Associating concepts and synsets
At this point, we have on the one hand an ontology for which concept labels
are disambiguated and on the other hand possible senses in each HTML pages
of the Web site with their relative frequency, and their evaluated convenience.
In the next step, indexes are matched with concepts of ontologies. For
each sense, we search for the same one in the index. If it exists, concerned
web pages and coefficients are added to it.
For the moment, our process gets pages containing concepts of the ontology.
However, it does not take the weighted frequency of synsets into account.
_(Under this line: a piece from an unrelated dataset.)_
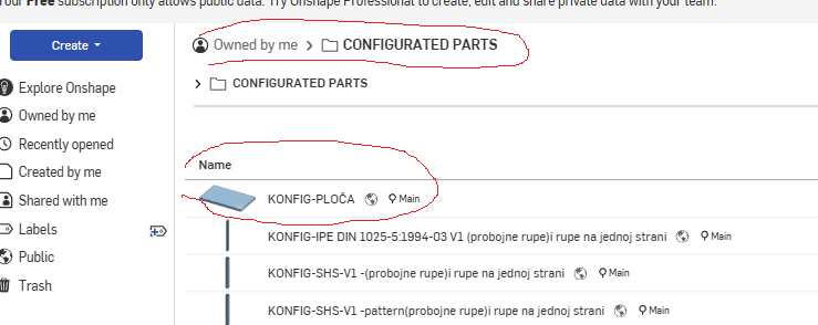 I have some problem with configurated parts. I am on free Onshape account.I make my own configurated part with some hole and dimensions, I have it in my library folder. I duplicate it, and insert like a part in some new project in part studio give it name "PART" and use it like a base in that project . Frome that place I will duplicate It more times in different variations and every time give different name "PART2", "PART3"...with different set of holes and dimensions. That parts I will insert and make assembly of it. Problem is when I open some of these configurated parts "PART 2", "PART 3"...It will look like its not configurated any more. It lost all holes and dimensions how I set it. Goes back in some early stage, without anything. Like Onshape lost configuration. I can not use release, cause I am on free account. If someone can help me ? Thanks in advance.

Consequently, a concept that appears only one time in a page allows this
page to be referred by the ontology. For this reason, we added a frequency
threshold to consider a concept only if its weighted frequency (section
4.1) is greater or equal than this threshold. In the next section, we will
present several indexation processes according to the evolution of the
threshold.
To evaluate the appropriatness of an ontology according to a of HTML
pages, four typical coefficients are calculated:
-
the rate of pages concerned with its concepts, called the covering degree,
which gives the number of web pages that involve at least one concept of
the ontology,
-
the rate of its concepts directly involved in HTML pages, called the
direct indexing degree ,
-
the rate of its concepts involved (directly or by the way of more specialized
concepts), called the global indexing degree,
-
the average convenience degree of candidate concepts from pages selected
by the ontology.
Finally, a relevant ontology is an ontology having these coefficients close
to 1.0. A high covering degree implies a wide proportion of the pages contain
concepts of the ontology. A high direct indexing degree implies a lot of
concepts can be found in the pages. A high value for this couple of coefficient
is quite important. Namely, we can have a site where only one page contains
the ontology (this gives an indexing degree at 1 and a little covering
degree). In the same way, all pages can contain a general concept like
"Entity" in the head of each page (this gives a weak indexing degree but
a covering degree equals to 1).
The indexation process can also highlight indexes, which do not match
with concepts of ontologies. In this case, we may search for ontologies
related to this index. In the future, one can redo the indexation process
either when the site content notably evolves or when the used ontologies
are updated. This process can only be executed with modified pages.